On pourrait penser que, comme il repose sur les performances individuelles, le dépassement de soi et un sain esprit de compétition, le sport est l’un des rares domaines où le « fair play » est à l’honneur, mais malheureusement, il n’est pas à l’abri des tricheries et de l’infamie, comme le démontrent ces 10 plus gros scandales ayant marqué l’Histoire du sport.

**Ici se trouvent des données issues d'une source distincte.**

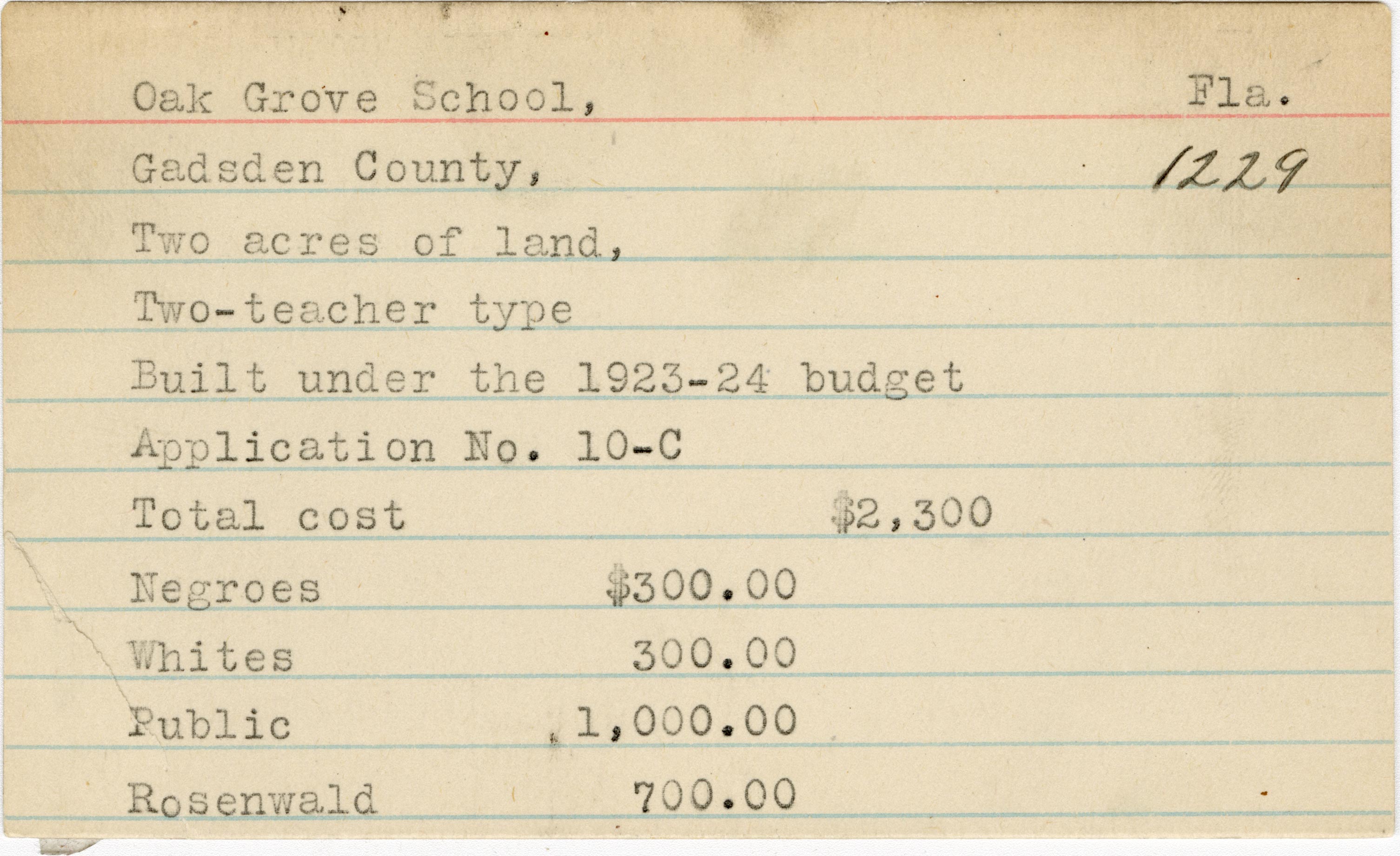 - School card from the Rosenwald Fund for Oak Grove School in Gadsden County, Florida

Le genou au sol de Colin Kaepernick

Lors de la rencontre contre les Packers de Green Bay le 26 août 2016, le quart-arrière des 49ers de San Francisco, Colin Kaepernick, refuse de se lever durant l’hymne national et pose plutôt un genou au sol afin de protester contre le racisme aux États-Unis et les violences policières à l’égard des minorités. Bon nombre d’Américains considèrent ce geste comme une insulte à la nation et un manque de respect au drapeau, et Donald Trump (alors en pleine campagne présidentielle) va jusqu’à déclarer : « Sortez ce fils de pute du terrain tout de suite. Dehors ! Il est viré! ». Cette protestation, somme toute assez respectueuse, coûtera sa carrière au footballeur, et plus aucun club de la NFL n’a embauché Kaepernick depuis.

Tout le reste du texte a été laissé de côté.